I agree in general with David's comments, without knowing much about the
specifics of the situation, but I wanted to post a cautionary opinion
about online petitions. I just about never sign them. First of all, they
usually have no effect. Second, when they do, their effect is often a
bad one. More importantly, mostly they refer to very complicated
situations about which the signers know little. In the larger world, We
certainly know that major institutions have fired people for unjust,
idiotic or even evil reasons, but I also know of people who have been
fired, or have had their lives ruined, through online petitions or
shaming for offenses that perhaps did not deserved that. (A recent
example, http://www.cbc.ca/radio/ideas/shame-on-you-tube-1.3086407 )

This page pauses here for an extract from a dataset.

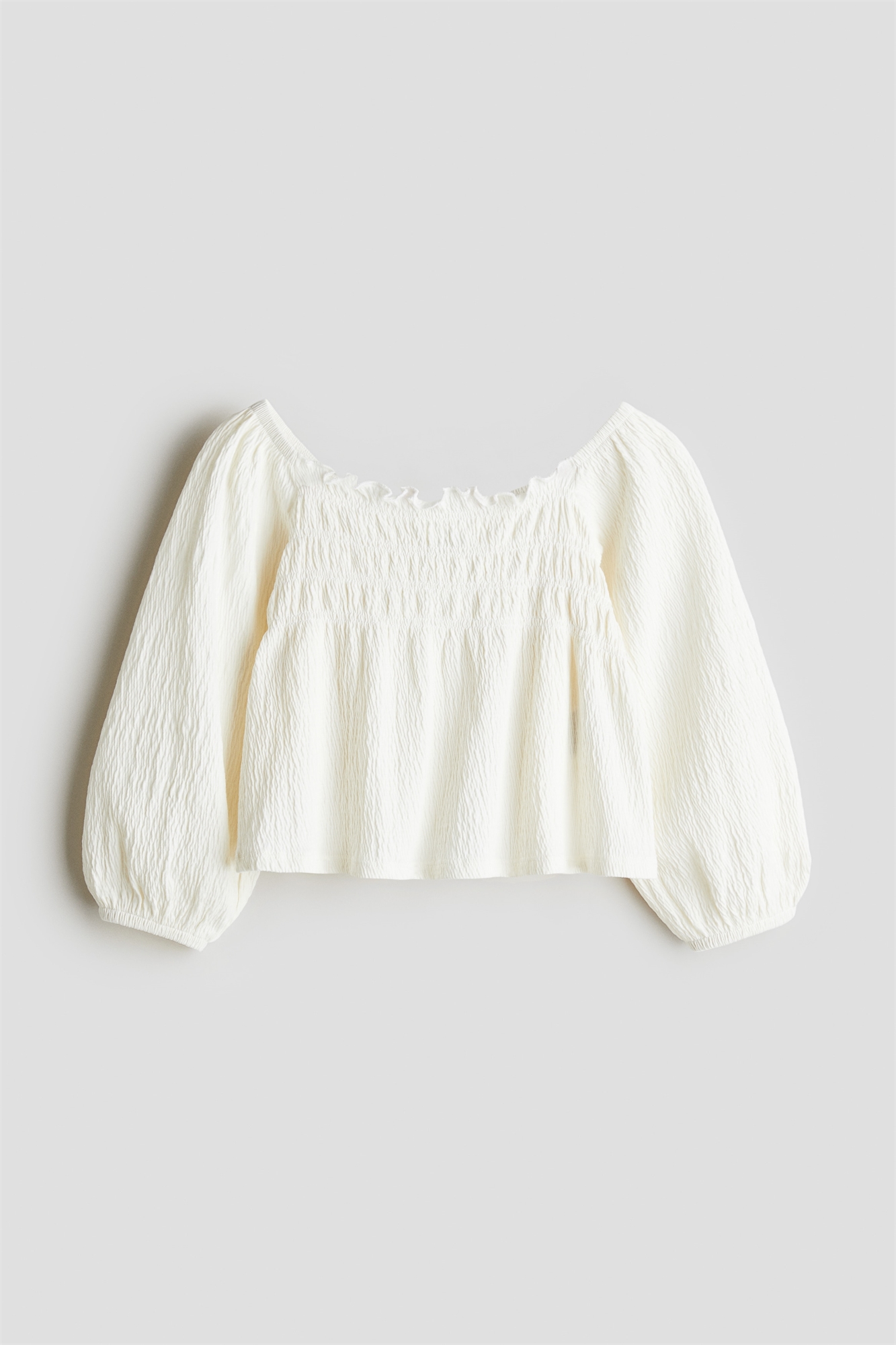 Расклешенная блузка из мягкого мятого трикотажа. Квадратный вырез горловины с втачным разрезом. Длинные пышные рукава с узкими эластичными манжетами.

It's a big enough challenge to act well in one's own life, and to treat
well the people with whom one comes in immediate contact, and Lord knows
i have not always succeeded in doing that. It is all too easy to sign
something in outrage over some situation or other. The issues about
which I feel I know enough to have an opinion -- we should use less
fossil fuels, for example -- are not going to be affected by online
petitions anyway.
Do we initiate and sign online petitions to make ourselves feel better,
or to actually make things better? As one-liner pieces of wisdom go, I
am a great admirer of Gandhi's "Be the change you want to see ion the
world."
At the very least, it seems to me that someone who cares about this
curator should try to do the work a good journalist would do and get to
the bottom of the situation. An authoritative analysis that could show
the firing was really wrong might actually help.